-- Opening Marker --
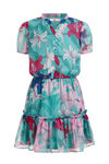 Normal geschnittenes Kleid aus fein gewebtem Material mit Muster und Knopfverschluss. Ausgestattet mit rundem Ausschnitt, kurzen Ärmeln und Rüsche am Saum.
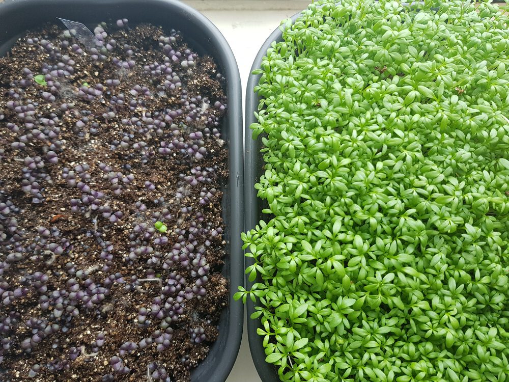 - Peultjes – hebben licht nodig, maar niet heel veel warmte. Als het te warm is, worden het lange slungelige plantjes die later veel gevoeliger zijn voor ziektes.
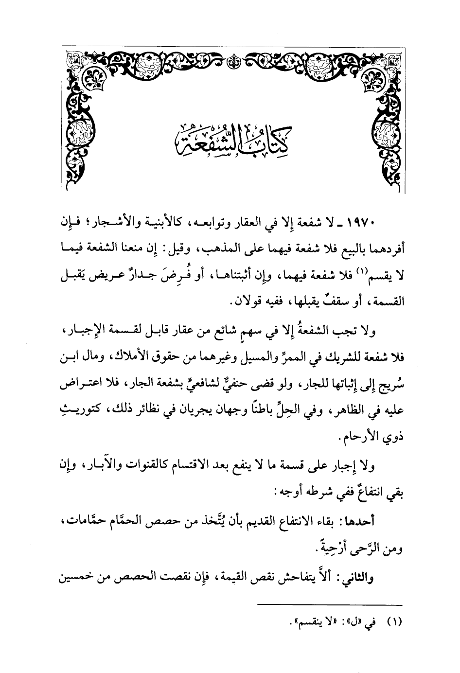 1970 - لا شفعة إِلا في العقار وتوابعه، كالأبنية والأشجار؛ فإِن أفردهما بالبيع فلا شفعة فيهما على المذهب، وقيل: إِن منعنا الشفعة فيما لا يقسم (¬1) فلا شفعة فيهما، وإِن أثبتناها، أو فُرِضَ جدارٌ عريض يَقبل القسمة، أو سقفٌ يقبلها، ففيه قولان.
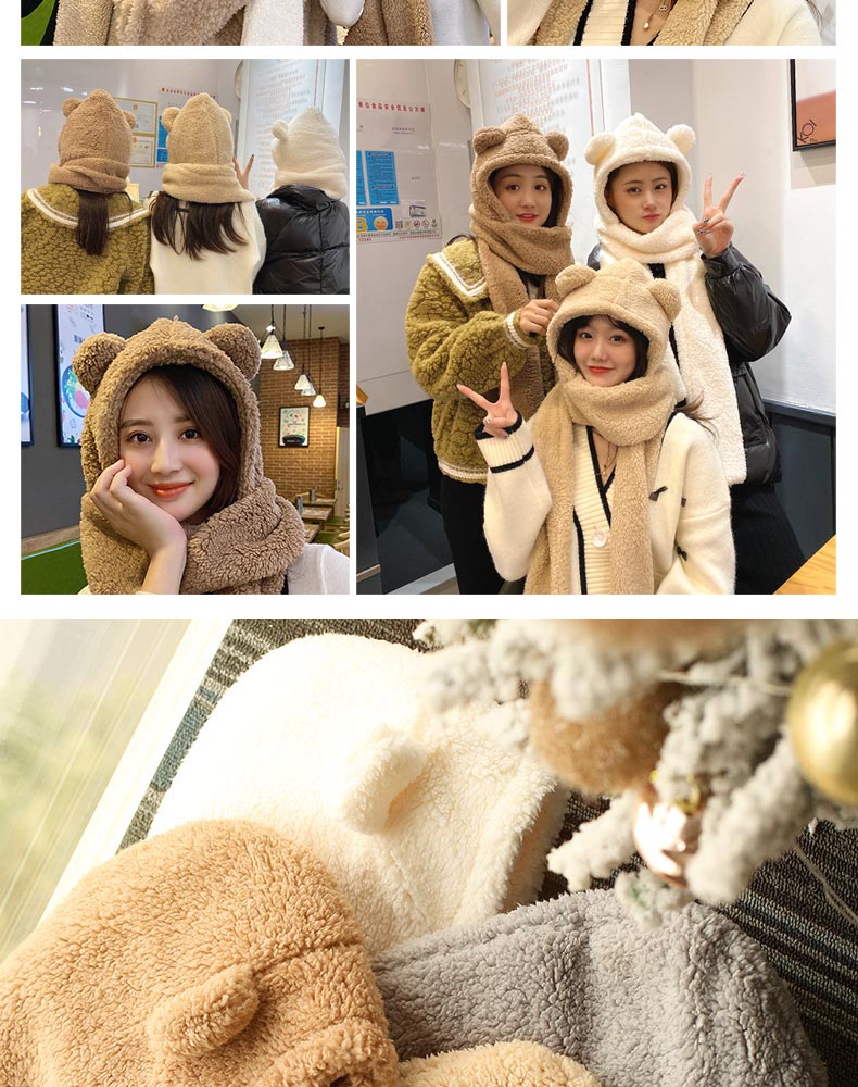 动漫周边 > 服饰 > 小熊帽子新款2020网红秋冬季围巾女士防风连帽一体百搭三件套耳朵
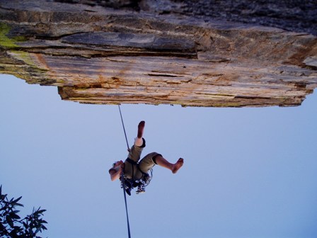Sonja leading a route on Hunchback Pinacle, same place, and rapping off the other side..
-- Closing Marker --
EXERCISE AIM. An exact copy of the data is required, with the pictures excluded.

SOLUTION.
 Normal geschnittenes Kleid aus fein gewebtem Material mit Muster und Knopfverschluss. Ausgestattet mit rundem Ausschnitt, kurzen Ärmeln und Rüsche am Saum.
 - Peultjes – hebben licht nodig, maar niet heel veel warmte. Als het te warm is, worden het lange slungelige plantjes die later veel gevoeliger zijn voor ziektes.
 1970 - لا شفعة إِلا في العقار وتوابعه، كالأبنية والأشجار؛ فإِن أفردهما بالبيع فلا شفعة فيهما على المذهب، وقيل: إِن منعنا الشفعة فيما لا يقسم (¬1) فلا شفعة فيهما، وإِن أثبتناها، أو فُرِضَ جدارٌ عريض يَقبل القسمة، أو سقفٌ يقبلها، ففيه قولان.
 动漫周边 > 服饰 > 小熊帽子新款2020网红秋冬季围巾女士防风连帽一体百搭三件套耳朵
Sonja leading a route on Hunchback Pinacle, same place, and rapping off the other side..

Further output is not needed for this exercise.